Attorney General Michael Mukasey spoke at the London School of Economics today and surprised the audience with his comments on the application of the death penalty for the 9/11 plotters held at Guantanamo Bay. Given the administration’s support of the death penalty, they probably expected Mukasey to offer the usual justifications for it, especially for terrorists like Khalid Sheikh Mohammed. Mukasey argued instead that the US should not give them the martyrdom they seek, but rather a lifetime of obscure captivity:
U.S. Attorney General Michael Mukasey said on Friday he hoped the six Guantanamo prisoners charged with the September 11 attacks on New York and Washington would not receive the death penalty.
Speaking at the London School of Economics, Mukasey said the death penalty would allow the six, including the self-confessed commander of al Qaeda’s foreign military operations, to portray themselves as victims.
“I hope they don’t get the death penalty — they would see themselves as martyrs,” Mukasey said in response to questions at a talk on Anglo-American law enforcement.
Readers at Hot Air may not know it, but I oppose the death penalty — for normal criminal justice. In my opinion, the justice system makes too many mistakes and the application of the death penalty is too skewed along racial and gender lines to be just, let alone be perceived as justice. It makes martyrs out of people like Mumia Abu Jamal and Stanley “Tookie” Williams, who otherwise would have to rot for their crimes over an entire lifetime — and whose victims would not have to fight for decades before seeing their cases come to closure.

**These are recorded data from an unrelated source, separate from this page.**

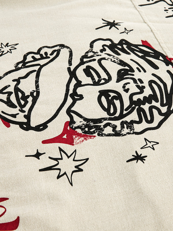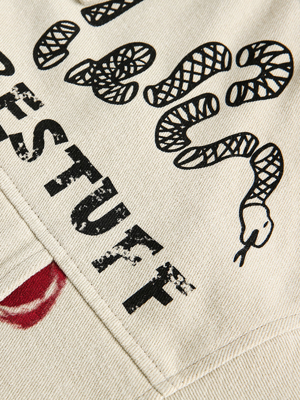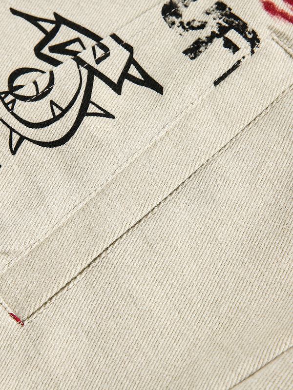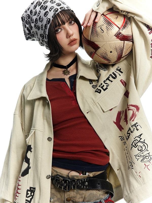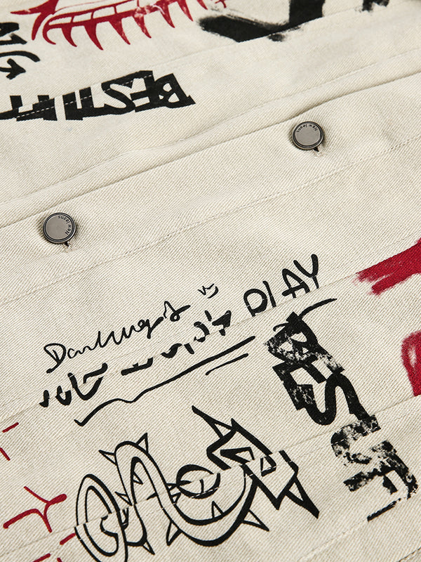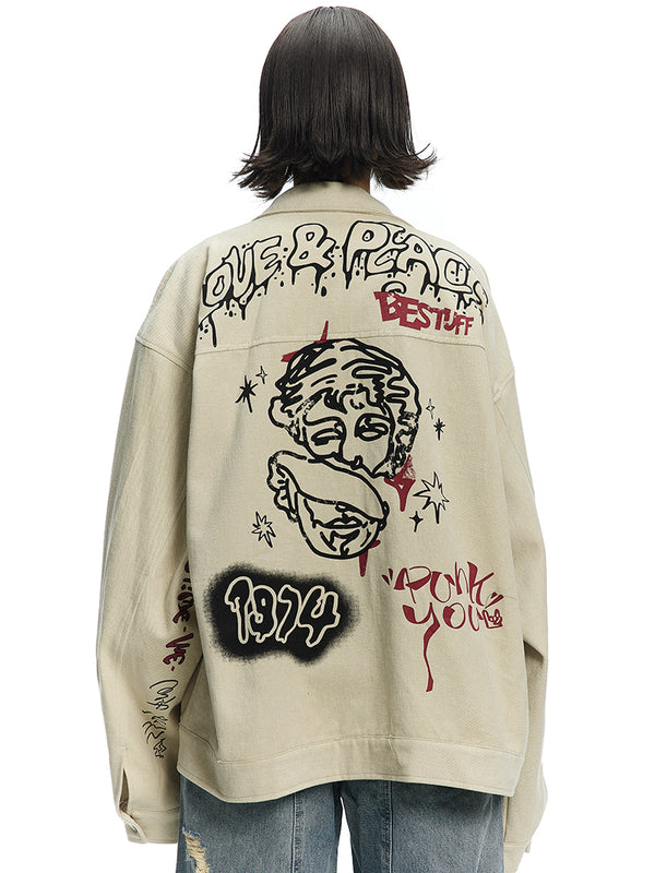 Graffiti Detaylı Yıkanmış Kargo Kadın Ceket
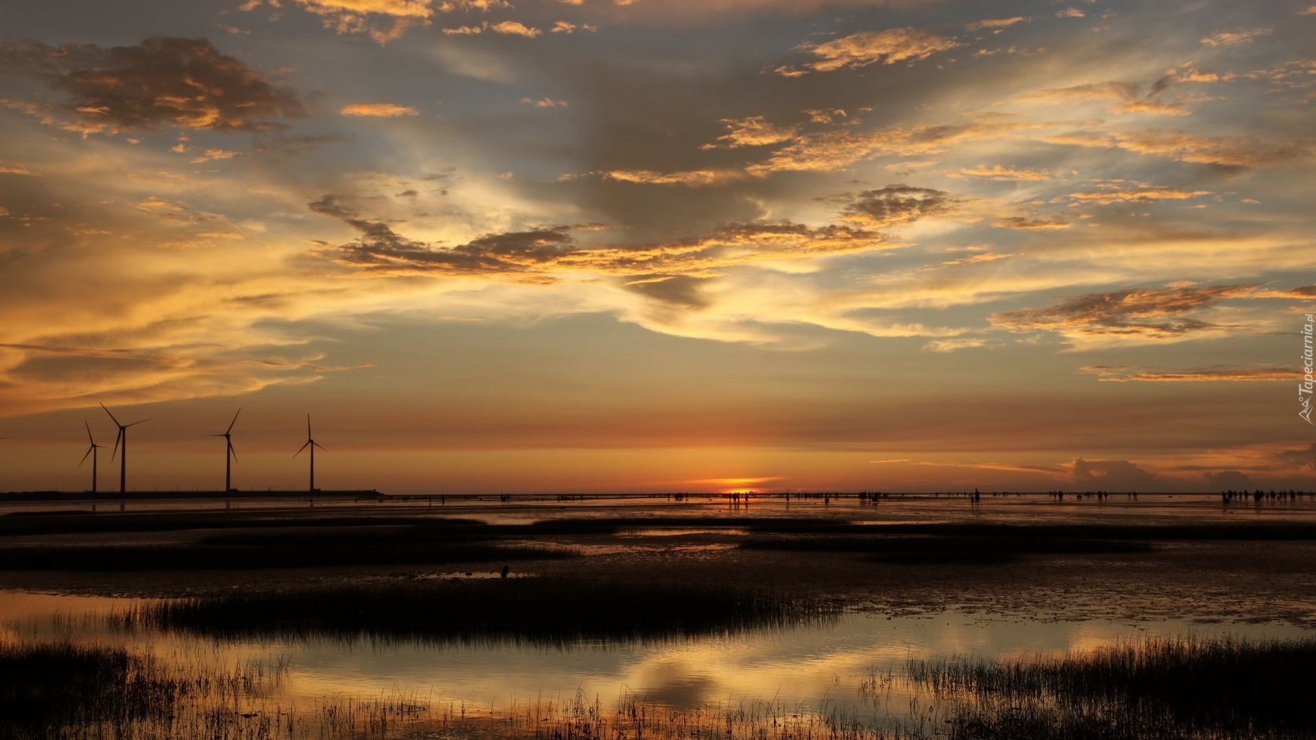 Edytor tapety: Zachód, Słońca, Morze, Generatory, Wiatrowe
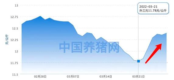 中國養(yǎng)豬網(wǎng)最新數(shù)據(jù)顯示,3月21日至3月27日,生豬(外三元)價格從11.78元/公斤漲至12.39元/公斤,漲幅超過5%。
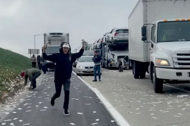 به گزارش سیتنا، مردی از اورگان، پول نقد هنگفتی از خودروی خود به درون بزرگراهی پرتاب کرد و باعث شد مردم برای جمع کردن این پول نقد در این بزرگراه توقف کنند.
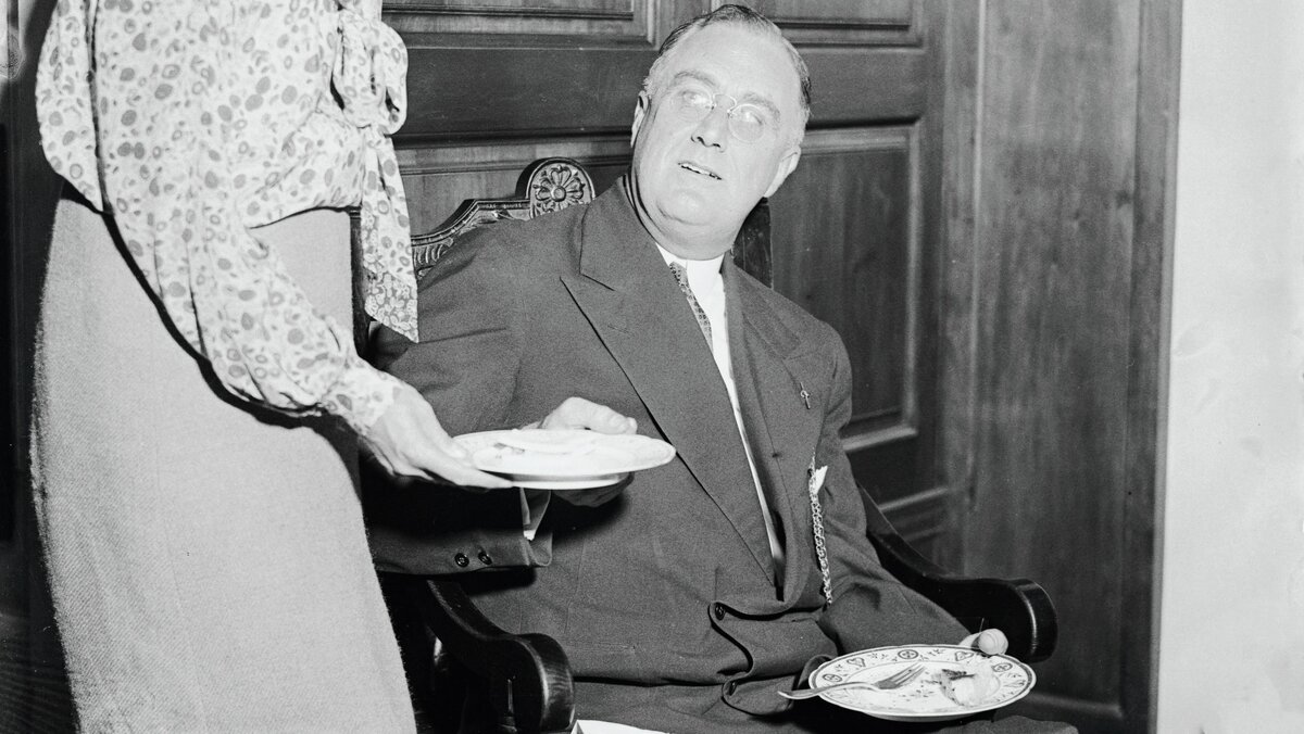 Сам Рузвельт всячески подыгрывал супруге, которая готовила ему в меру своих сил, но вряд ли был так уж счастлив ее инициативе. Он явно предпочел бы пить брют, закусывая лобстерами, но в итоге на публике ел блюда, наподобие вареных яиц с томатным соусом и картофельным пюре. Коронным блюдом Элеоноры был пудинг из чернослива. Почему именно из чернослива? Большая часть страны в лучшем случае могла позволить себе сухофрукты. Не стоило злить избирателей, по крайней мере, напоказ.
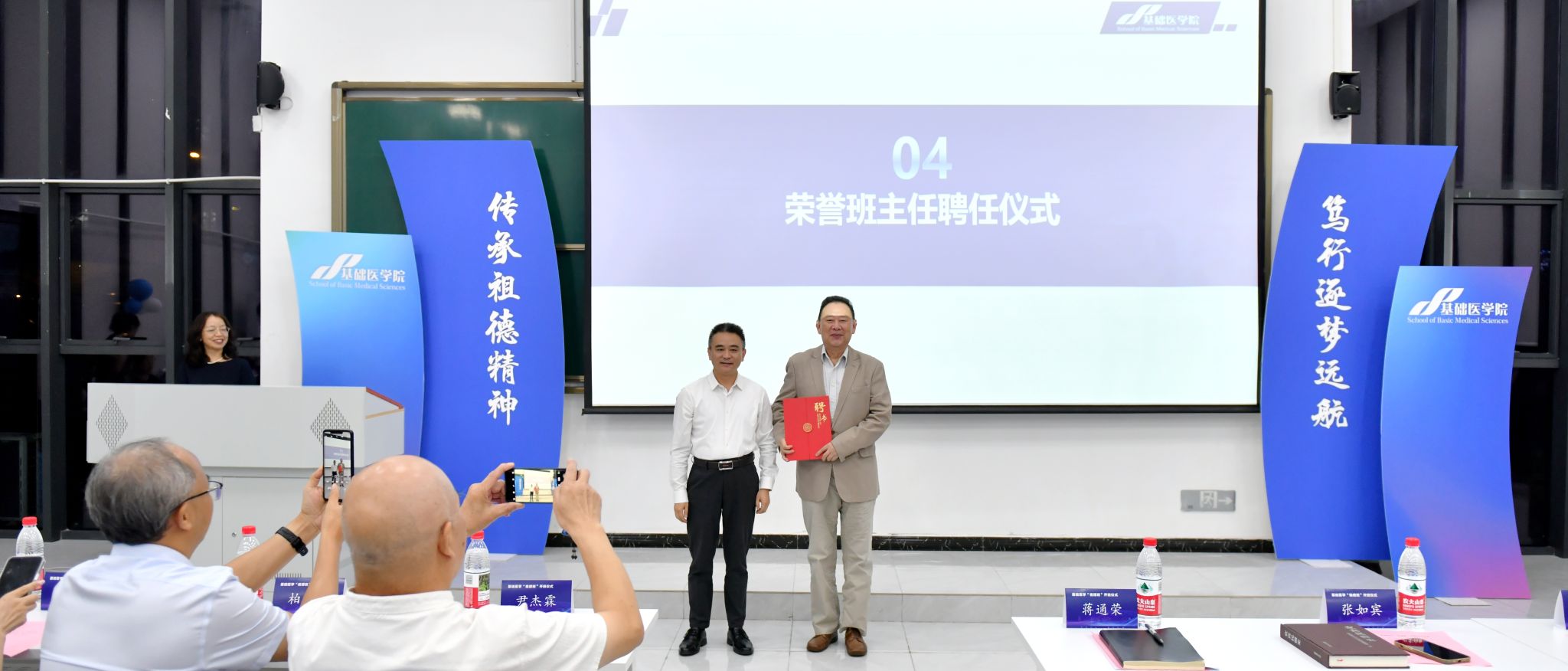 “基础研究虽无立竿见影之效,却能从根本上重塑医学发展格局,为守护人民健康筑牢源头支撑。”在首届基础医学“祖德班”开班仪式上,蒋通荣强调,“祖德班”汇聚了全校最优师资与科研资源,承载着培育基础医学拔尖人才的重任。他代表学校,向19名首届学子提出四点殷切希望,为他们的医学探索之路锚定方向:永葆好奇之心,敢于发问探索。保持“打破砂锅问到底”的韧劲,主动挑战生命科学前沿,将思辨、实验与临床观察转化为创新的起点。恪守严谨之风,坚守学术诚信。从第一堂课、第一次实验做起,尊重数据、规律与患者,以厚德与规范铸就学术之魂,产出可信可用可推广的成果。锤炼坚韧之志,勇于攀登高峰。以老一辈科技工作者为榜样,将善研的韧劲和善学的定力,转化为能攻关、能持久、能领跑的科研能力。涵养集体观念,携手协同共进。彼此成就、互学互鉴,涵养“博学慎思、团结向上”的班风,以个人成长助推集体,以集体力量促进个人进步。蒋通荣饱含期许的叮嘱,让在场学子备受鼓舞、倍感振奋。

However, I do not oppose it for those who make war on the United States. If we catch Osama bin Laden, I’d volunteer to flip the switch, drop the trap door, or perform the injection. The same is true for those who plotted the 9/11 attacks, and the Khobar Towers bombing, the USS Cole attack, and the bombings of our embassies in Tanzania and Kenya in 1998. They made themselves the enemy of our nation, and that comes with the biggest price tag of them all.
That doesn’t mean Mukasey doesn’t have a point. Most of these terrorists, with the possible exception of KSM, entered into this business with the hope of dying at the hands of the enemy, not rotting in prison for 60 years. They want a quick death, followed by a reception in a heaven where women are chattel for their sexual amusement. Without a martyr’s death, they not only will be denied a martyr’s afterlife but be guaranteed a long and miserable existence where they can only see the sun one hour a day. Most of these terrorists are young, and with proper medical care, they could live for decades.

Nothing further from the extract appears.